As palavras saíram à força. Eu odiava pedir qualquer coisa, especialmente a ele. Ele sabia que eu era autossuficiente, ferozmente independente. Isso não era um truque. Não era um apelo manipulador por atenção. Se eu estava pedindo, significava que algo estava realmente errado.

Ele se virou, seus olhos se estreitando. "Onde dói?"

Um pingo de alívio, rapidamente seguido por uma nova onda de náusea. Apontei vagamente para a parte inferior do meu abdômen, gotas de suor brotando na minha testa.

Ele zombou, um som áspero e sem humor. "Ainda fazendo seus joguinhos, Helena? Ainda atuando para conseguir pena?" Suas palavras foram como um balde de água gelada despejado sobre minha cabeça, me congelando por inteiro.

Antes que eu pudesse reagir, sua mão disparou, agarrando meu queixo, forçando meu rosto para cima para encontrar seu olhar desdenhoso. Seu aperto era doloroso.

"Sabe de uma coisa?", sua voz era perigosamente baixa, um sussurro arrepiante que prometia danos irreversíveis. "Eu nunca vou te perdoar. Por nada que você fez. Eu espero que você... morra."

O mundo girou. Meu sangue gelou, cada célula do meu corpo gritando em protesto. Eu não conseguia parar de tremer, um tremor violento que começou no meu âmago e se espalhou pelos meus membros.

Ele soltou meu queixo, seus olhos vazios de emoção. Sem outro olhar, ele entrou em seu escritório e a pesada porta de carvalho se fechou com um estrondo, cortando a última fresta de esperança, me deixando sozinha no vasto e silencioso corredor.

A dor no meu abdômen explodiu, me jogando de joelhos. Eu ofeguei, lutando por ar, agarrando meu estômago como se para me manter fisicamente inteira. Minha visão embaçou, lágrimas se misturando com o suor.
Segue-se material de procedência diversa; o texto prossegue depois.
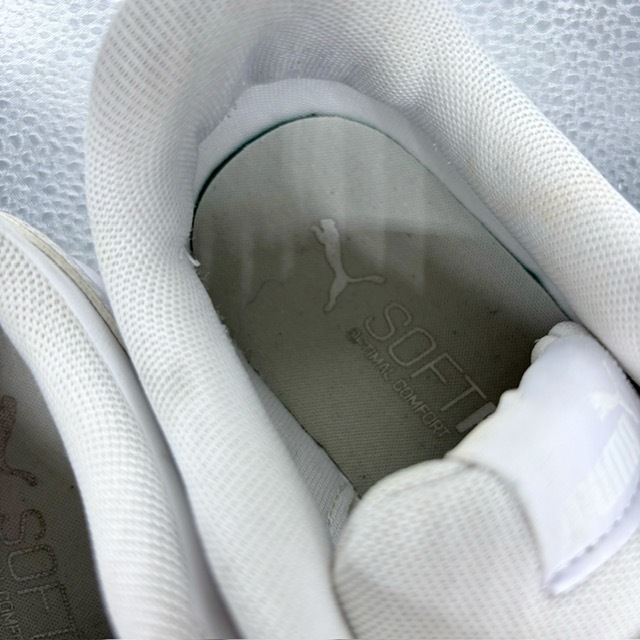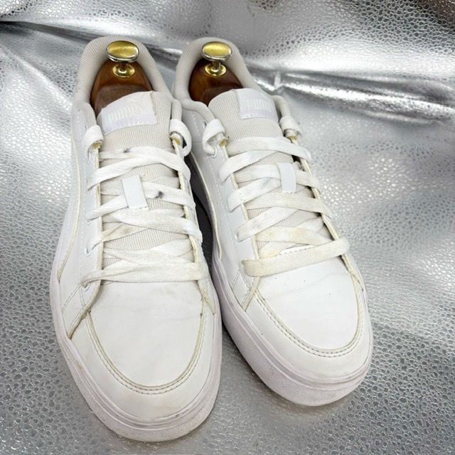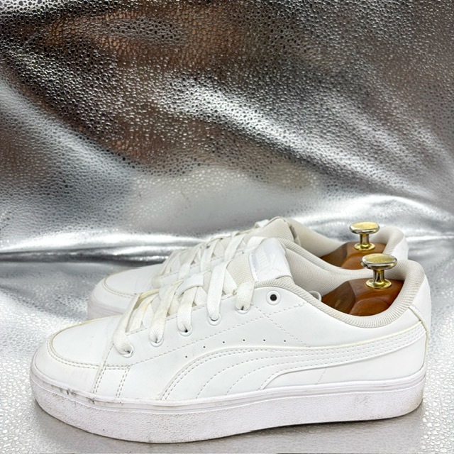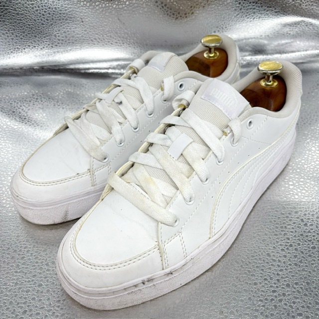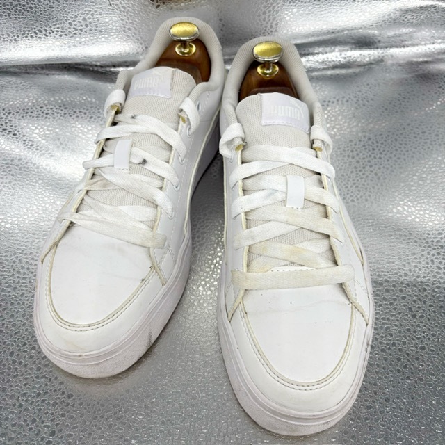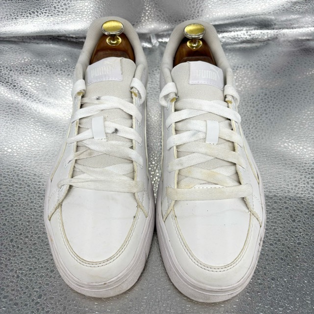 ご覧いただき、ありがとうございます。 オシャレで高級感のあるプーマ Pumaのスポーツシューズです。 デザイン性:機能性共に定評のある商品です。 1足押さえてあるとファッションの幅も広がり大活躍するお勧めの商品です。 中古品のため、スレや傷、ヨゴレ等ありますが、その分お値打ちにしております。詳しい状態は画像でご確認ください。 商品のサイズについて 表記サイズ 24.5cm アウトソール全長 約9.1cm 全幅 約9.8cm (素人採寸) ●状態①「外観」 履きジワ、着用に伴う擦れ、傷がございますが、着用に支障はございません。くわしくは画像で確認ください。 ●状態②「ソール・インナー」 インソール内ロゴ残っています。 ●その他・付属等なし、シューズキーパーは撮影用です。 | |||

Com a mão trêmula, procurei meu celular no bolso. Meus dedos, dormentes e desajeitados, de alguma forma conseguiram discar o número de emergência.

Mais tarde naquela manhã, Rodrigo ouviu o lamento fraco de uma ambulância se afastando. Era um som distante, quase imperceptível, facilmente ignorado. Ele estava perto da janela de seu escritório, o telefone pressionado contra a orelha, o rosto impassível. Ele presumiu que era apenas mais um dos teatros de Helena, uma tentativa desesperada de manipulá-lo, talvez para colocar as mãos em seu dinheiro agora que a família dela estava à beira da falência.

Ele se lembrou da "traição" dela no passado, quando sua família enfrentou a ruína. Ele acreditava que ela o havia abandonado naquela época, procurando pastos mais verdes. Isso era apenas mais do mesmo. Ela era uma interesseira, uma oportunista.

Eu estava sentada em um banco estéril de hospital, as luzes fluorescentes zumbindo acima de mim, lançando um brilho forte no envelope branco em minha mão. Meu nome, Helena Almeida, estava impresso de forma nítida na frente. Eu sabia o que continha antes mesmo de abrir.

As palavras do médico ecoavam em minha cabeça: "Doença terminal. Estágio avançado."

O mundo inclinou. Era um pesadelo. Tinha que ser. Rasguei o envelope, meus olhos percorrendo o laudo, procurando por um erro, um erro de digitação, qualquer coisa que contradissesse a verdade horrível. Mas estava lá, claro e inegável.

"Não", sussurrei, minha voz falhando.

Levantei-me do banco, a dor no estômago agora uma pontada surda em comparação com a agonia em meu peito. Corri para outro médico, um especialista cujo nome eu tinha ouvido. Implorei por um novo exame, uma segunda opinião. Ele concordou, seus olhos cheios de uma pena que eu não suportava.

Os resultados voltaram os mesmos. Uma doença terminal. Confirmado.

"Quanto... quanto tempo eu tenho?", perguntei, as palavras mal saindo como um sopro. Minha garganta estava apertada, meus olhos ardendo.

O especialista, um homem gentil de olhos suaves, ajoelhou-se diante de mim. Ele pegou minha mão, seu toque surpreendentemente quente. "Faremos tudo o que pudermos, Helena. Não vamos desistir."

Suas palavras foram um bálsamo, mas não podiam apagar o fato frio e duro. Eu desmoronei, novas lágrimas escorrendo pelo meu rosto. "Tudo o que podem?", solucei, o som cru e quebrado. "É terminal. É... acabou."

Minha doença não estava apenas matando meu corpo; era uma metáfora cruel para o meu casamento, para tudo o que eu havia me apegado. Era um fracasso do qual eu não podia escapar, uma morte que eu não podia evitar. Assim como ele, estava me destruindo, lenta e dolorosamente.